Me: Really, Ma. I think we can stretch to wicker.
This from the woman who also wants Rachmaninov and black horses with plumes.
(This was not a gloomy conversation, by the way, although I have very little interest in my own funeral beyond the wicker. I mean, I won't be there to enjoy it, will I.) - Work is very worky. I am preparing some books for another exercise in excruciating embarrassment comic fair next month, which involves long, tedious hours cleaning pages of specks in Photoshop. Bah. Sometimes I wonder why I am doing this. Can I not just get a-job-like-normal-people?
- The JB continues to be a super-nervous (albeit paradoxically a technically competent) driver. This is a pain. Skills you can teach, but confidence? Urg. We have had some moments, shall we say. Some are funny.
The JB: You're right, I'm using second gear as a crotch! - That's between you and the gearbox, pet.
- "Our" (my parents') two paddocks are empty for the first time in 25 years. Our final equine, Jenny the jennet, has departed, to be a companion to a big horse. She's a 11h (runty, some would say) mule (mother: Shetland pony; father: rogue jack donkey) who has been with us for 20 years. And what a twenty! So many Jenny adventures. The time she got out in the barley field, and all you could see were the big ears, gleefully roving. All the times she'd search your pockets for carrots and make mean faces at you when she'd eaten them. Ah yes. She is a strange animal, with her donkey feet and her pony head, her half-whinny, half-bray.
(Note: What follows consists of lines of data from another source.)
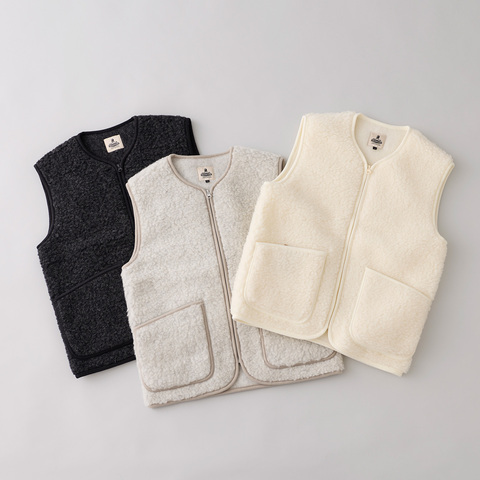 軽さ・暖かさ・動きやすさを備えた冬の頼れるベストとして、自然素材のやさしい温もりが日常に心地よさを添えてくれます。
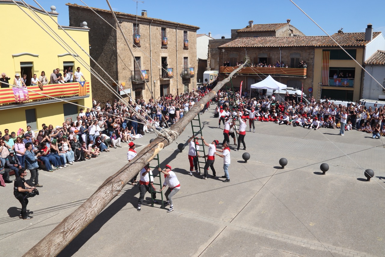 No ha estat fins a tres quarts de dues del migdia que l’arbre ha arribat a la plaça, amb els aplaudiments de tots els espectadors que l’esperaven. Una vegada allà, els voluntaris l’han lligat amb cordes que feien la volta a unes politges instal·lades a la façana del Centre Cultural i tornaven a la plaça on els voluntaris feien força per aixecar-lo.
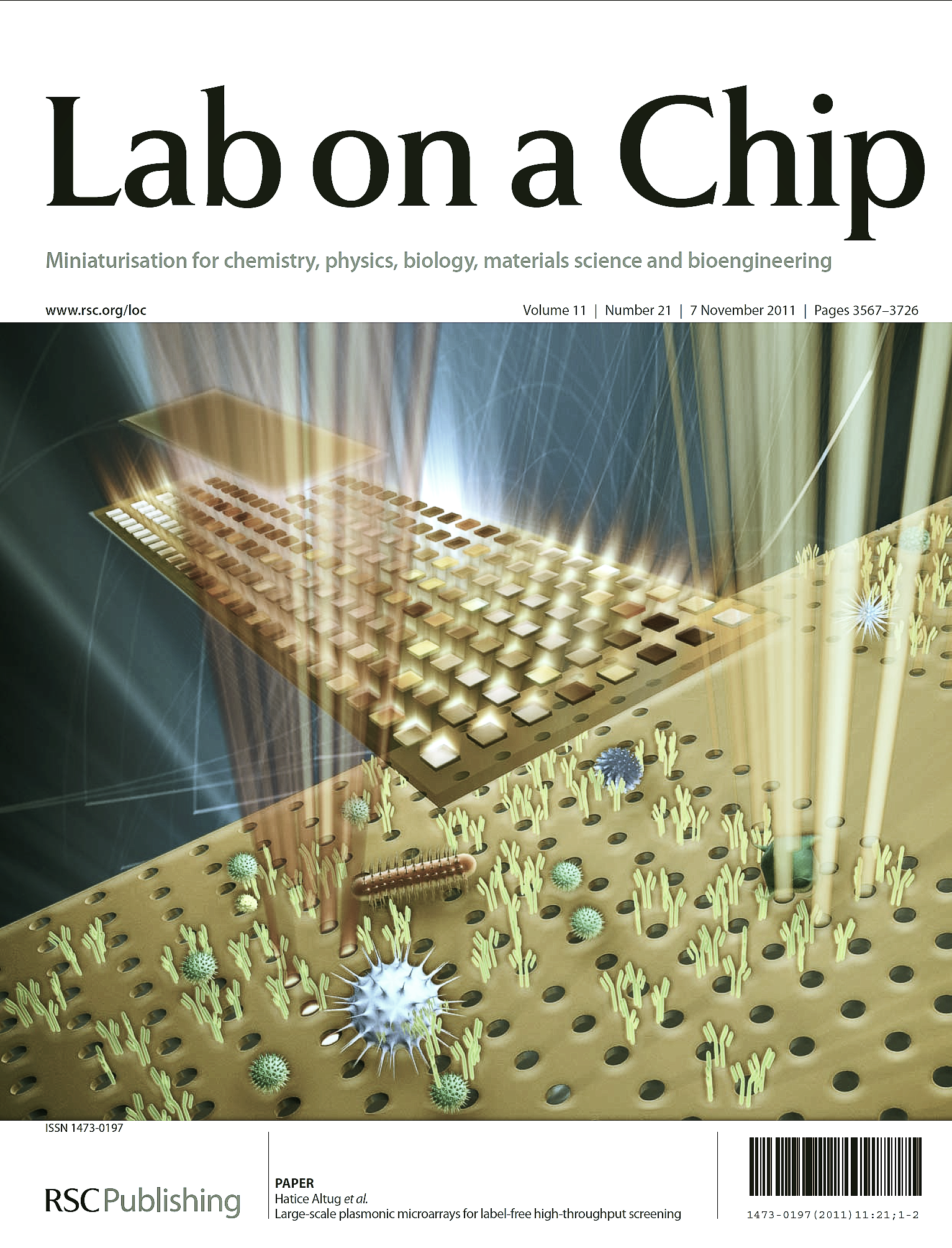 "Large-scale plasmonic microarrays for label-free high-throughput screening" TY Chang, et al., Lab on a Chip 11 (21), 3596-3602 (2011)

She didn't like people, other animals, or other horses; indeed, was a cranky rogue in many ways, but you had to admire her spirit. So wily, such a survivor, and when my horse died, she stood over his body for hours:
She loaded bravely into the trailer today and went off with not even a backward glance. Go forth and pester, Jenny.
Have great weekends, all. Animal stories and all comments welcome, folks.